Вошла женщина, тощая, коротко стриженная, неряшливо одетая, с цигаркой в зубах.
- Вот Астафьев, - указал на меня мужчина. - Тот самый.
- Н-на, - разомкнула обляпанные помадой губы редакторша и, вынув изо рта красный окурок, бросила его в пепельницу, под нос, как я догадался, своему начальнику.
- Может, вы побеседуете с автором?
- Беседовать? С автором? О чем?
- О рассказах.
- Это слишком смело сказано.
- Н-ну…
- Ну-ну, я уже набеседовалась насчет этих несчастных творений. Я сделала все, что могла. Может, вы сами продолжите ра-аботу с автором? Но, предупреждаю - это бэс-пэрс-пэктив-но! - и с этими словами дама удалилась.
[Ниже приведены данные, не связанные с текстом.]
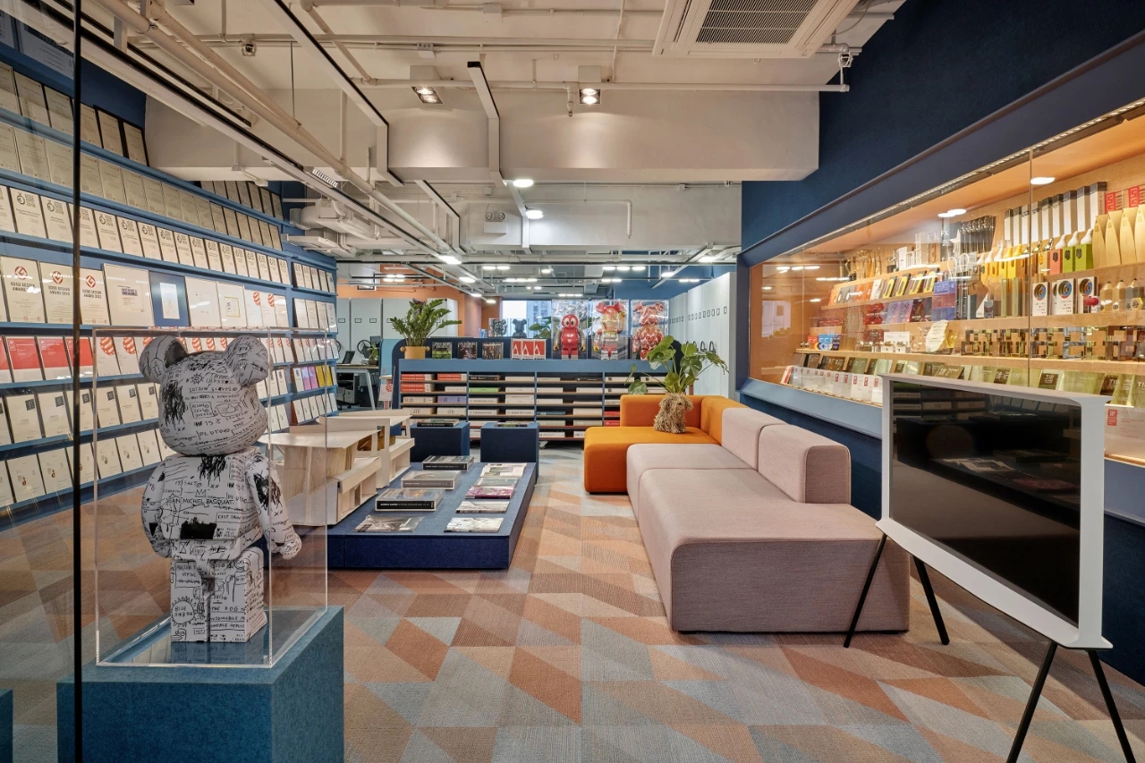 入口处由壹正企划创始人龙慧祺手绘的ONE PLUS PARTNERSHIP字样,字母之间呈现重叠的视觉效果,并结合街头涂鸦风格,契合了壹正企划的设计理念——主题概念驱动,再叠加独有的元素来延展空间。

И человек с волнистым чубом, и я, автор, смотрели в пол. Мы оба были унижены бесцеремонностью и подавлены напористым хамством.
- Вы это… не обращайте внимания.
Я ничего не мог ответить. Я и без нее, без этой дамы знал, что с суконным рылом забрался в калашный ряд, то есть в литературу, да вот еще в "Новый мир" занесло! Печатался в альманахе "Прикамье" и продолжал бы печататься, и "метром" бы стал, пусть и провинциальным, и хвалили бы меня в местных газетах, и никто "бэс-пэрс-пэктивно" не посмел бы сказать - там рука руку моет: ты похвалишь, тебя похвалят, и, глядишь, ни шатко ни валко идет литдело - плодятся книги, продолжаются "традиции".
Пришел Александр Григорьевич, обнял меня, по спине похлопал, раздеваясь, переглянулся с мужчиной, скользнул взглядом по гранкам, которые я держал в руках.
- Побеседовали, Алеша?
- Побесе-едовали! - махнул рукой Алеша.
- Прогонять надо ее, змеину.
- Давно пора. И этот тоже хорош, писать еще не научился, а уж лезет пальцем в чирей.
Я тогда не понял, о чем говорит Алеша, то есть второй зам. редактора, Алексей Иванович Кондратович, очень хороший и добрый, мужественный человек, с которым не раз мы потом беседовали, тепло общались, да и по сию пору в короткие и редкие встречи не отворачиваемся друг от друга.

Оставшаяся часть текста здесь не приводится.